┌────────

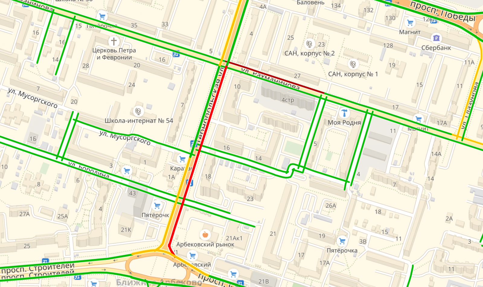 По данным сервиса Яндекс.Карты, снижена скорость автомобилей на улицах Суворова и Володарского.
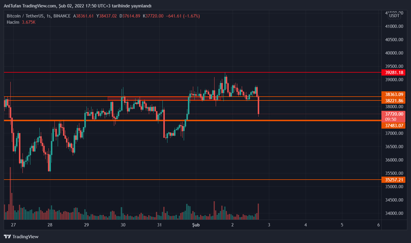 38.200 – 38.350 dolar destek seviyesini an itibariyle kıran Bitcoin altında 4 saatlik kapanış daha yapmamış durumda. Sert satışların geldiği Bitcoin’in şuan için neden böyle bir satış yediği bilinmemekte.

└────────
┌────────

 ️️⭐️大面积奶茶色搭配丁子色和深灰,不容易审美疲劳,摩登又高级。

└────────
┌────────

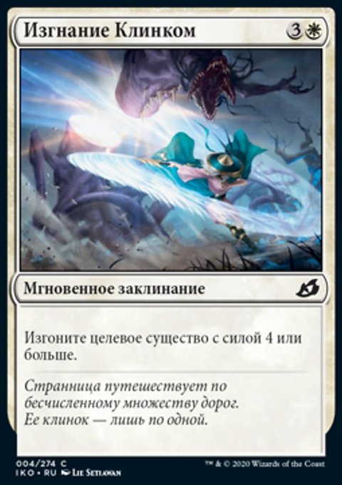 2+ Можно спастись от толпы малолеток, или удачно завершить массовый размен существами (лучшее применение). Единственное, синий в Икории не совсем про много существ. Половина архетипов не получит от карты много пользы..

└────────

*Task details*: Looking above, find the stretch of lines that opens with the one holding "По данным сервиса" and closes with the one holding "38.200 – 38.350". Copy it exactly, pictures excluded.

*Exercise result*:
 По данным сервиса Яндекс.Карты, снижена скорость автомобилей на улицах Суворова и Володарского.
 38.200 – 38.350 dolar destek seviyesini an itibariyle kıran Bitcoin altında 4 saatlik kapanış daha yapmamış durumda. Sert satışların geldiği Bitcoin’in şuan için neden böyle bir satış yediği bilinmemekte.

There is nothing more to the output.